▶ **DATA EXTRACT**:
══════

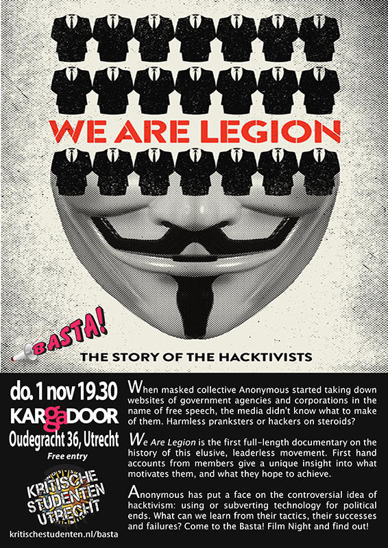 How is Anonymous organized? What can we learn from their tactics, their successes and failures? Is their brand of hacktivism a new addition to the activist's toolkit? Come to the Basta! Film Night on Thursday 8 November, and find out!
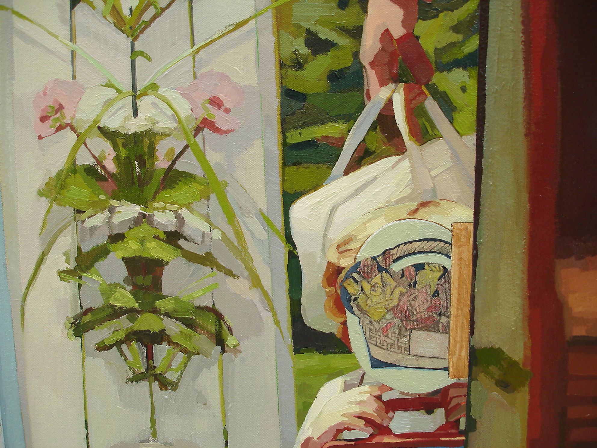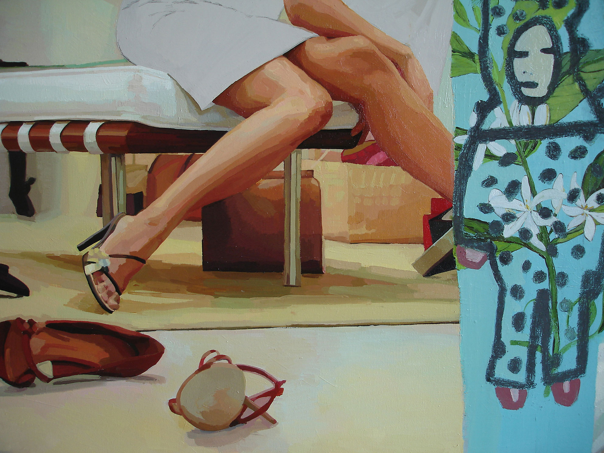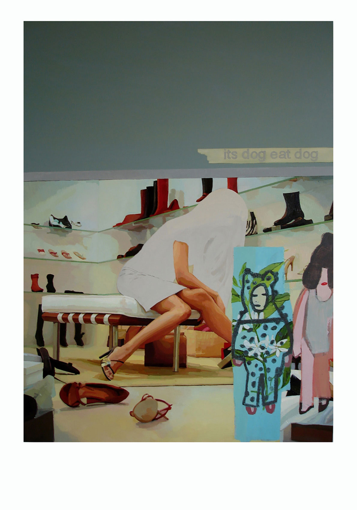 Serie de cinco pinturas que parte de la apropiación de fotografías de un reportaje de la revista Marie Claire, Octubre 2002, donde se presenta, con glamour, a una mujer junto a su pareja y/o hijos, su entorno y sus actividades. Las pinturas no replican las imágenes originales: introducen variaciones de color, escala y repetición que alteran la relación entre los personajes y el espacio, y superponen —ampliado— el texto con marcas y costos de producción y vestuario.
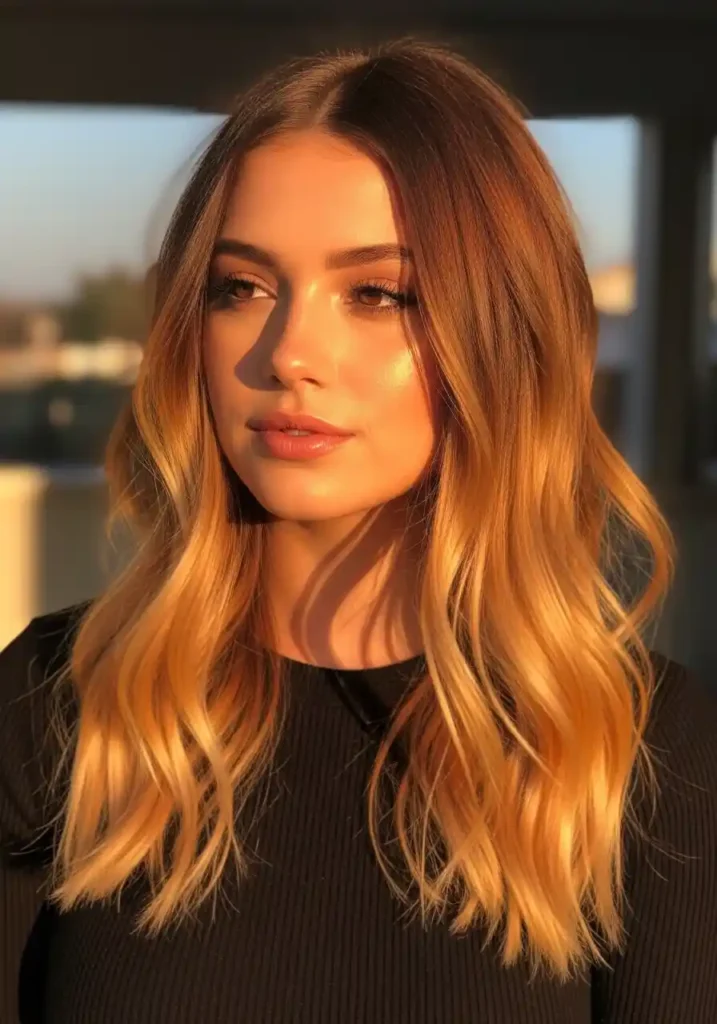 The specific warmth of every ombre stage creates a color that appears as though the hair has been warmed progressively from root to end rather than simply lightened — the roots carry the deep, warm earth-warmth of a warm brunette, the mid-lengths carry the intermediate amber warmth of caramel, and the ends carry the bright, luminous warmth of golden blonde. This progression feels genuinely organic and genuinely sun-touched rather than obviously processed. A warm golden gloss unifies all stages every eight weeks.

══════

▶ **YOUR ASSIGNMENT**: Please restate, word for word, the lines from the one with "Serie de cinco" through the final line of the material, both included, and omit the pictures.

▶ **RESULT OF THIS EXERCISE**:
 Serie de cinco pinturas que parte de la apropiación de fotografías de un reportaje de la revista Marie Claire, Octubre 2002, donde se presenta, con glamour, a una mujer junto a su pareja y/o hijos, su entorno y sus actividades. Las pinturas no replican las imágenes originales: introducen variaciones de color, escala y repetición que alteran la relación entre los personajes y el espacio, y superponen —ampliado— el texto con marcas y costos de producción y vestuario.
 The specific warmth of every ombre stage creates a color that appears as though the hair has been warmed progressively from root to end rather than simply lightened — the roots carry the deep, warm earth-warmth of a warm brunette, the mid-lengths carry the intermediate amber warmth of caramel, and the ends carry the bright, luminous warmth of golden blonde. This progression feels genuinely organic and genuinely sun-touched rather than obviously processed. A warm golden gloss unifies all stages every eight weeks.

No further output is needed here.